Now I'm wondering since muons can be considered as more massive electrons (and tau-particles even more massive versions) does the dirac equation suggest the existence of muons as a kind of solution? Is there a different equation that makes it natural that there exists 3 different versions of electrons with unequal mass?

Answer 1

It does not predict muons or tauons. They are still solutions but that doesn't mean it predicts them. What is special about the Dirac equation is that it predicts 2 pairs of solutions: anti-particles and particles for each solution. So there are electrons and antielectrons, muons and anti-muons, tauons and anti-tauons.

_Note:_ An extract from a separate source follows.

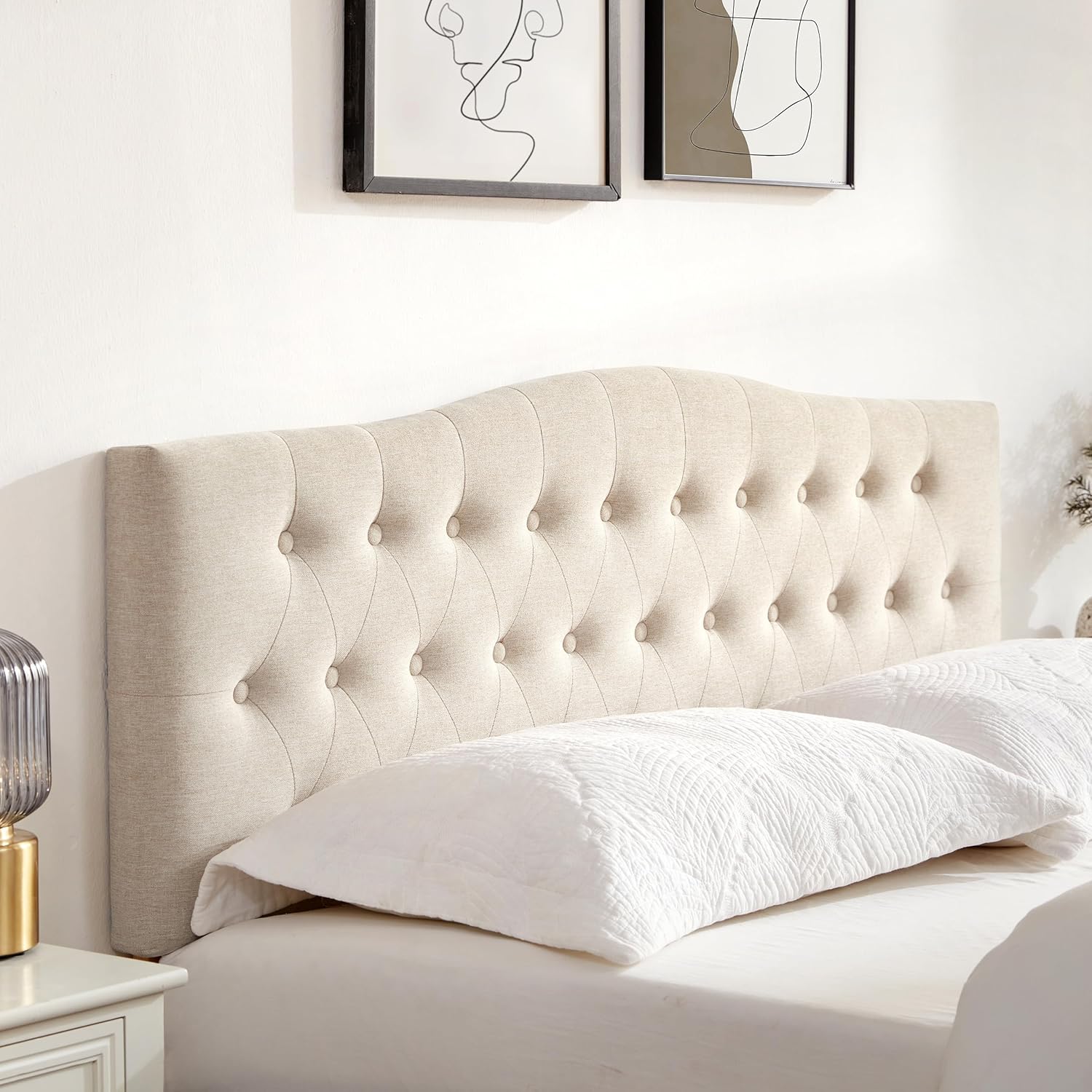 Tufted Upholstered Headboard Queen Size, Sturdy and Durable Solid Wood Bed headboard, Fabric Headboard Adjustable Height from 37” to 51”, Modern Button Diamond Design Head Board, Beige

Saying the Dirac equation predicts muons and tauons is like saying Newton's second law:

$$F=ma$$

predicts there is a particle with mass 2 kg.

Answer 2

At the time when Dirac first published his famous equation, only electrons were known to physicists. That's why it was thought to describe electrons.

The mass term in the Dirac equation is just the parameter, it could have any value (not only the measured values of electron, muon or tau masses, but just any value from $0$ to infinity).

In the Standard model all 3 leptons are initially massless and indistinguishable. For some (yet unknown) reason only Higgs boson can distinguish, say, electron and muon. It couples stronger to muon, thus giving it more mass.

There is an empirical formula that establishes relationship for the masses of leptons. But it has nothing to do with Dirac equation.